I remember when I took a tour of Quinnipiac as a senior in high school and they preached how “green” they were and how they would be even greener in the years to come. I fell in love with Quinnipiac before hearing this but having helped start the environmental club at my high school senior year, this was the icing on the cake.
Once I became a Bobcat, I realized what I was told on my tour was baloney. In the café, paper plates and plastic utensils were used instead of real, reusable ones. The York Hill café is no different, as the landfills receive lots of love from Quinnipiac students while the environmental options sit under the counter, remaining unused.
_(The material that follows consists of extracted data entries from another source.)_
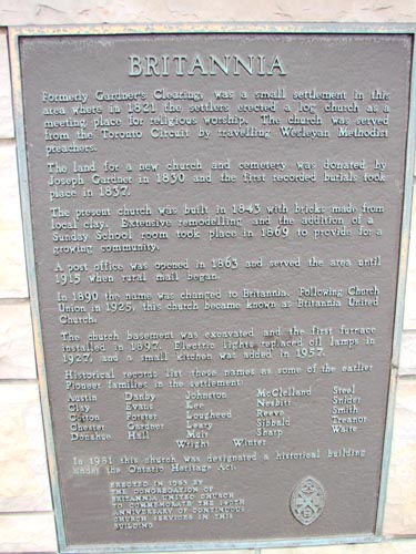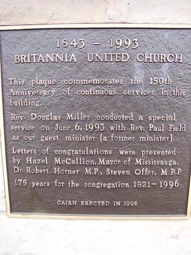5961 Hurontario Street (former Britannia United Church), plaque -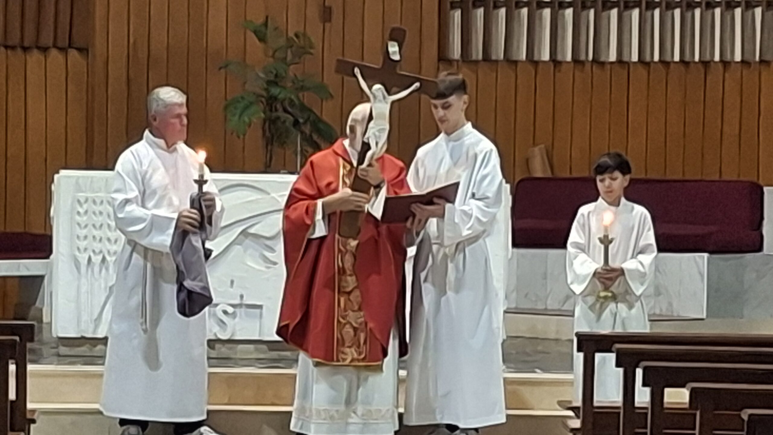 Na veliki petek smo se v molitvi in tišini spominjali Gospodovega trpljenja. Obred je vodil g. Bokalič, obsegal pa je branje pasijona, češčenje križa, slovesne prošnje za vse potrebe in sveto obhajilo.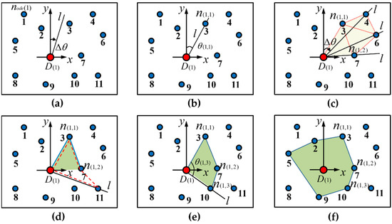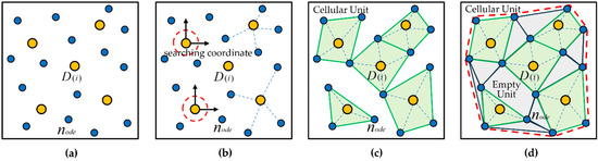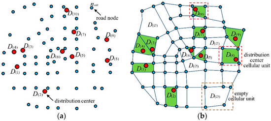 The distribution point spatial cellular unit is and the cellular unit control point is . The distribution points in the urban geographic space have spatial attributes such as longitude and latitude, spatial distance, and an adjacency relationship. The closed convex polygonal space formed by the distribution point and the nearest road nodes in the neighboring micro-space is defined as the distribution point spatial cellular unit , in which the distribution point is the core of the unit. All neighboring nodes that make up a cellular unit are defined as the cellular unit control point , in which represents the unit number and represents the No. control point of the unit. According to the definition, the cellular unit and its control point satisfy the following conditions: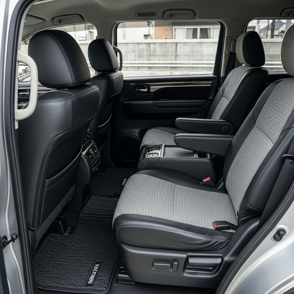 エルグランドは大家族利用が多く、3列目シートの汚れ・シミが査定マイナス要因。専用クリーナーで徹底清掃し、消臭スプレーで臭いゼロにすれば「禁煙・丁寧使用」の印象で+6~9万円UP。

In the Ratt, similar standards are applied and at Mondo’s, if you get a sub or a wrap, you most likely will get enough wax paper to wrap up your new pair of Toms.
Quinnipiac had great plans for York Hill’s sustainability. It was laid out to be a fundamentally green campus and set an example for future colleges and organizations to follow. While the windmills are great as well as the solar panels tiling the roof of Crescent, this campus is far from environmentally safe. Sometimes I wonder whose idea it was to put the campus on a blank size hill that is half a mile long. I often ponder how much gas I lose every time I come up to campus and better yet, how “efficient” it is to run all these shuttles up and down the hill 100 times a day. I drive a Saturn Ion and feel like I can see my gas gauge go down as my car struggles to climb the mountain that is York Hill. Fueling a shuttle with 10,000 more pounds and 20 more passengers must have been why the IDD minor was dropped.
The hallways in the Crescent residence hall are lined with lights approximately six feet away from each other, so if you’ve ever taken the 10 minutes it takes to walk from one end to the other, you can only imagine how many lights are on each floor. Quinnipiac was smart enough to put the lights in all of the study rooms on sensors but not the ones in the hallways, which would save thousands of dollars each year. I also toured Northeastern in my college searches and they had “green elevators.” The York Hill residence halls have several elevators as well as two more in the parking garage. They are far from environmentally-friendly, though they are just as slow as the power-saving ones I experienced in Boston.
Our rivals down Whitney Avenue, Yale University received an A this year, a consistent improvement from a A- last year and a B+ the year before. UConn, which has a student body of close to 20,000, received a B+ this year. Even Fairfield University, a comparable school to Quinnipiac, received a better grade than us as it got a C this year. We as the student body should be more embarrassed for our poor grade than tying Yale this year in the Heroes Hat game.
Although the administration is to blame for much of our grade, we as students aren’t doing much to help. Our grade was so bad that the group Students for Environmental Action with the help of facilities decided to host a contest and bribe us to work toward bettering the environment in the Do it in the Dark Challenge. The challenge started March 23 and only one out of 13 residence halls had reduced its energy. Meanwhile, Eastview has increased its usage by 165.4 percent in less than two weeks and no money has been saved by our attempt at reducing energy. So for yourself, Quinnipiac and the world, try to help the environment out and be more sustainable.